=== DATA FOR REVIEW ===

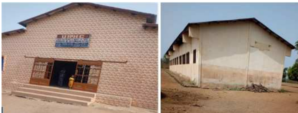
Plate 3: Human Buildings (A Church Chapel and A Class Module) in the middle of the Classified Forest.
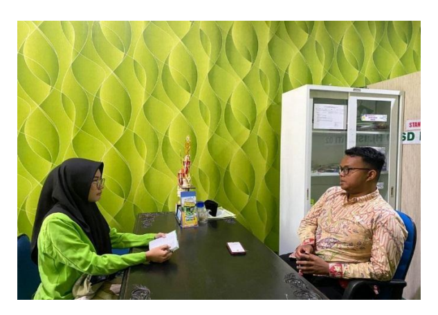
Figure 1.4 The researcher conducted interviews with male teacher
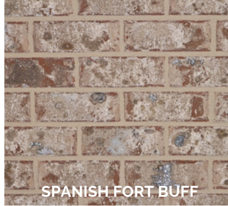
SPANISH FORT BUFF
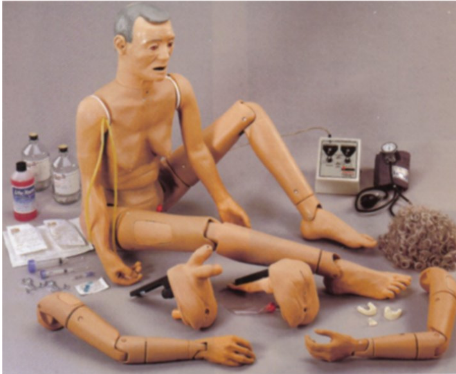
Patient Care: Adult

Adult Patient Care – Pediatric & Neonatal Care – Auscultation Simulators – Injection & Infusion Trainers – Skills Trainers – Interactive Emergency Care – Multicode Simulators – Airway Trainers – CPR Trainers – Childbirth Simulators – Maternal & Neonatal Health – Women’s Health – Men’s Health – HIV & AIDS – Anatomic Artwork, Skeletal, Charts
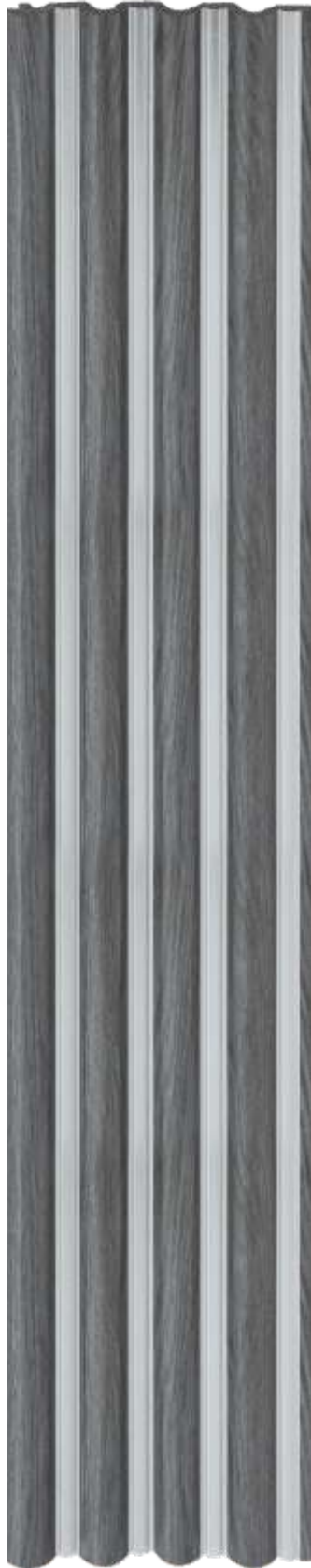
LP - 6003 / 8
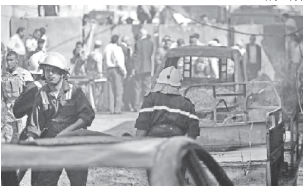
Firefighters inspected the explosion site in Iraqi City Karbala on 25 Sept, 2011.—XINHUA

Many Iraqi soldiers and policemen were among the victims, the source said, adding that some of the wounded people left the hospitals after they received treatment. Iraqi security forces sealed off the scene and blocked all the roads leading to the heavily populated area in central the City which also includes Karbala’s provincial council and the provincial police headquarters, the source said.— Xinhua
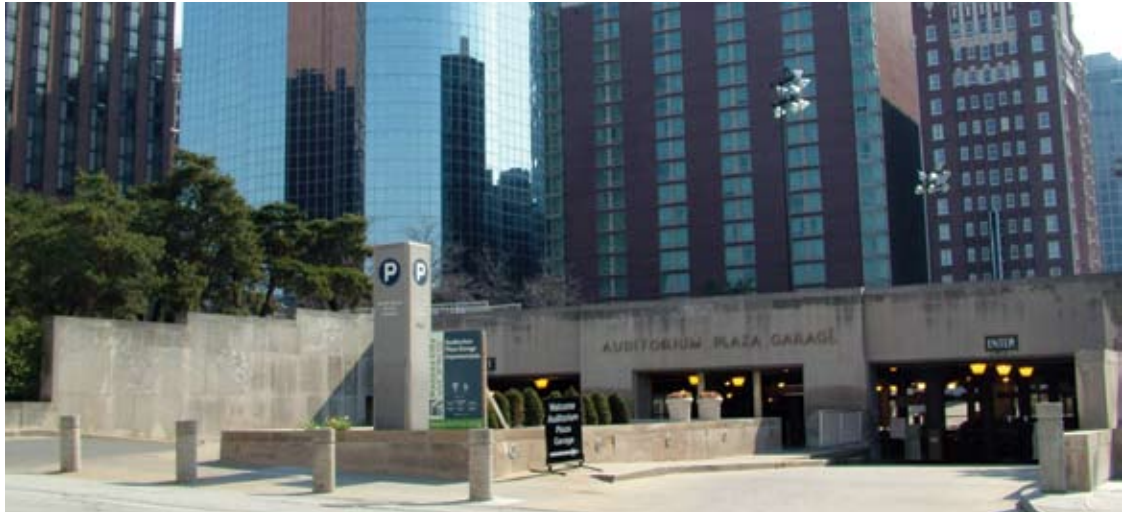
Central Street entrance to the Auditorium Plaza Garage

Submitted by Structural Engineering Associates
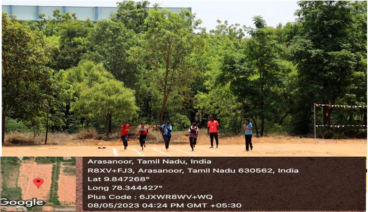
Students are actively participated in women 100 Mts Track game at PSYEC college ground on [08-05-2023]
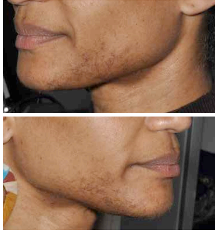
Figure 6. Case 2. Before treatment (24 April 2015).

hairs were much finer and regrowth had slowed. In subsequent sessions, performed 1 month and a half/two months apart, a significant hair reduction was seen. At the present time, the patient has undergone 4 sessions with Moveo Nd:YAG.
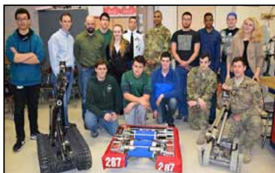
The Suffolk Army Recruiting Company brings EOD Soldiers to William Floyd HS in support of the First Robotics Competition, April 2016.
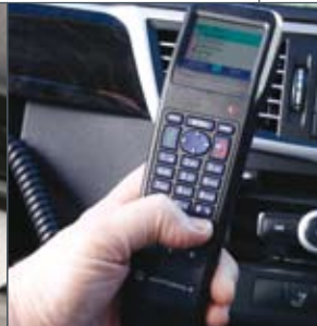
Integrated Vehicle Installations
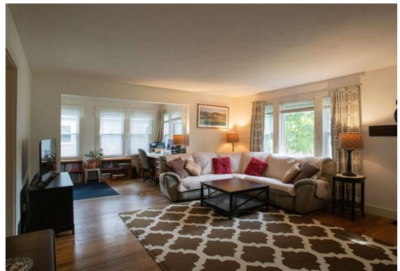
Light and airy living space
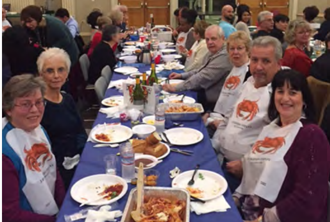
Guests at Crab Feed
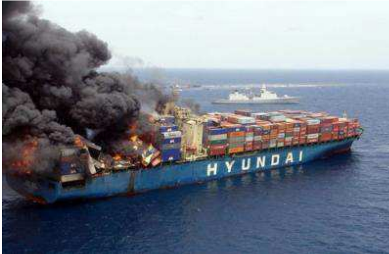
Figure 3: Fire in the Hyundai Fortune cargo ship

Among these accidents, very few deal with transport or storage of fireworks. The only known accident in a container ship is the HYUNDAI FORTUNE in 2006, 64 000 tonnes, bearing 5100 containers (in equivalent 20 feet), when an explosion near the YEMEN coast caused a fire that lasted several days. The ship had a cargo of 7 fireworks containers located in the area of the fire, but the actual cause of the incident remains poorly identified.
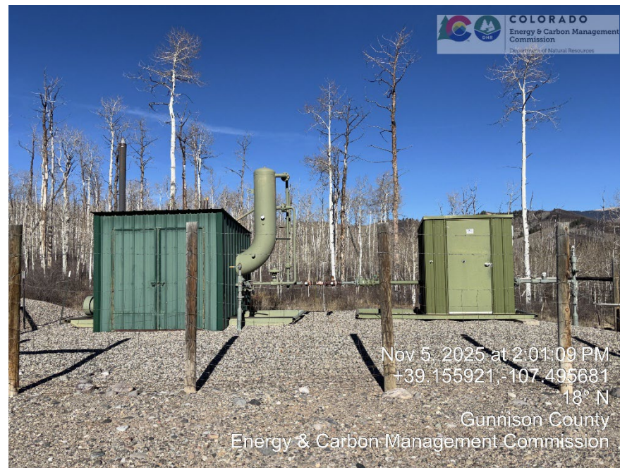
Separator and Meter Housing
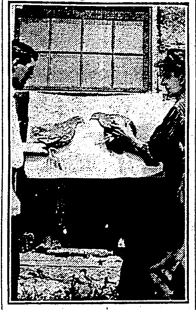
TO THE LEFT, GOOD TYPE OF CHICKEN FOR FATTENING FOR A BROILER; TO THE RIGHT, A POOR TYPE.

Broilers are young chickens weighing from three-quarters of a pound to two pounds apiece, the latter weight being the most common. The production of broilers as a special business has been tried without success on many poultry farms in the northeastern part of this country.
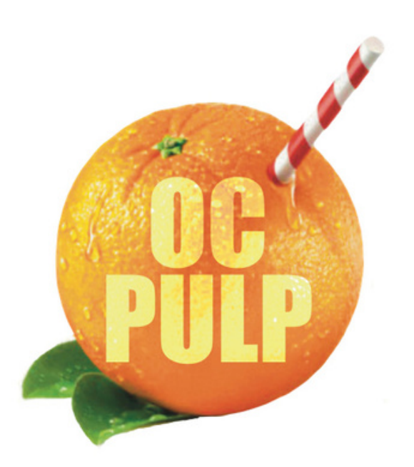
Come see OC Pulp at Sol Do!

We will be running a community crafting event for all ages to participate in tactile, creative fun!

===
=== DATA FOR REVIEW ===

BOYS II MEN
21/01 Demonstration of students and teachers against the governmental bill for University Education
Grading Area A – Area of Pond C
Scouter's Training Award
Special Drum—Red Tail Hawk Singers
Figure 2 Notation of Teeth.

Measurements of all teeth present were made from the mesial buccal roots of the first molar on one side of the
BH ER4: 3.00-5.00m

===
=== DATA FOR REVIEW ===

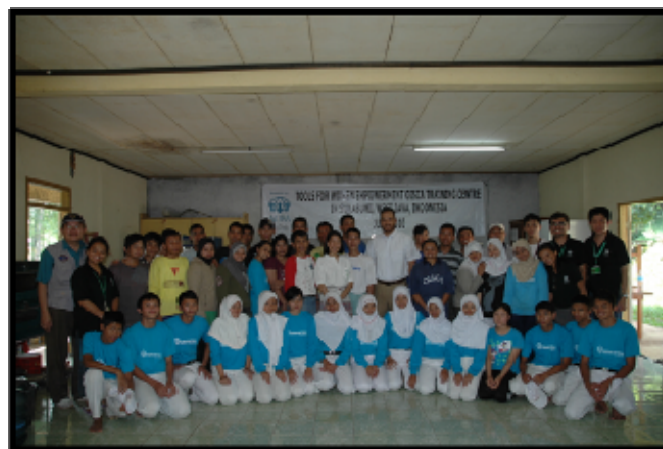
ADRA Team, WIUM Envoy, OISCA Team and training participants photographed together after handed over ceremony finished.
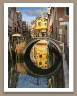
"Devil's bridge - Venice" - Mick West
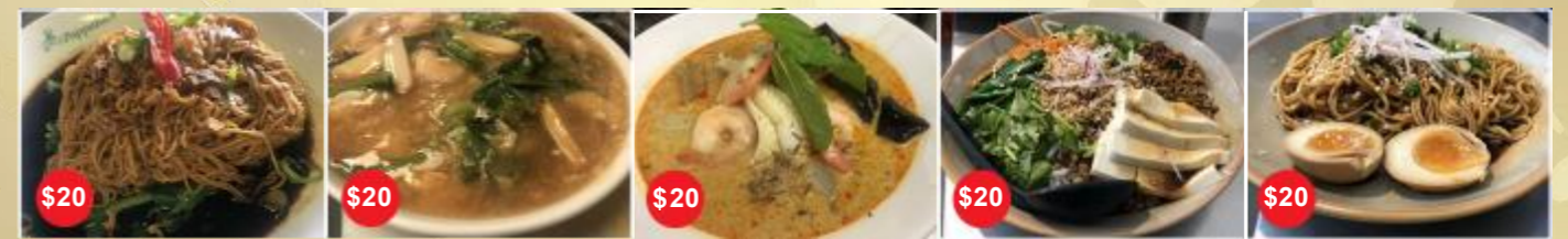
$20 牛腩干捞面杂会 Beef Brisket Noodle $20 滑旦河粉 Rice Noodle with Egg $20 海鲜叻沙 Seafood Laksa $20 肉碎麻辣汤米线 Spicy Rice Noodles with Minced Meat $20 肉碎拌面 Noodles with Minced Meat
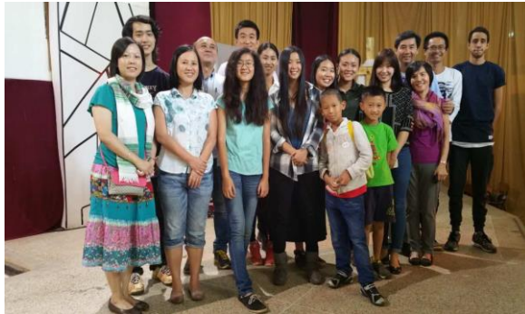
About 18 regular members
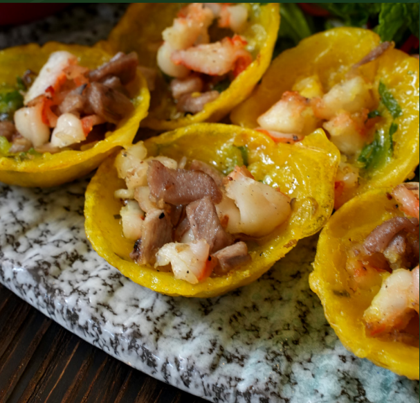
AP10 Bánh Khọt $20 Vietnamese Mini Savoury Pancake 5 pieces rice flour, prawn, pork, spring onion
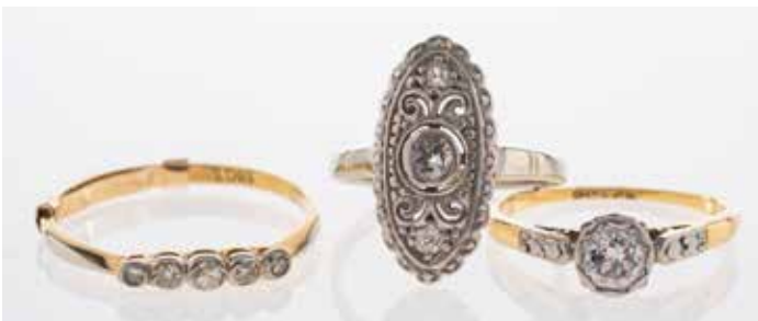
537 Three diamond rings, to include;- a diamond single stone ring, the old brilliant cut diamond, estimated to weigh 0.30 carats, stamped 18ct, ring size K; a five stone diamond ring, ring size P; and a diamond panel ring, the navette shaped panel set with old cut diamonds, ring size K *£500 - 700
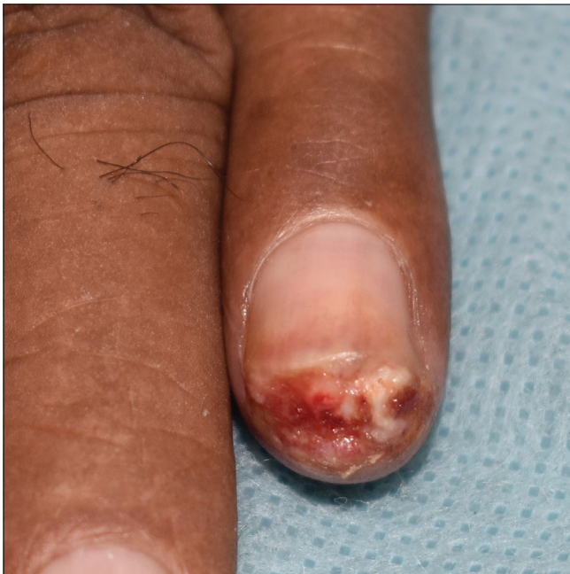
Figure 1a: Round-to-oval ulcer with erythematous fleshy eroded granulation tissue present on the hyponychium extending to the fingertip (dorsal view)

===

*TASK DETAILS*. Starting at the line containing "Submitted by Structural" and stopping at the line containing "Figure 3: Fire", output each line exactly as it appears above. Leave out the pictures.

*RESPONSE*.
Submitted by Structural Engineering Associates
Students are actively participated in women 100 Mts Track game at PSYEC college ground on [08-05-2023]
Figure 6. Case 2. Before treatment (24 April 2015).

hairs were much finer and regrowth had slowed. In subsequent sessions, performed 1 month and a half/two months apart, a significant hair reduction was seen. At the present time, the patient has undergone 4 sessions with Moveo Nd:YAG.
The Suffolk Army Recruiting Company brings EOD Soldiers to William Floyd HS in support of the First Robotics Competition, April 2016.
Integrated Vehicle Installations
Light and airy living space
Guests at Crab Feed
Figure 3: Fire in the Hyundai Fortune cargo ship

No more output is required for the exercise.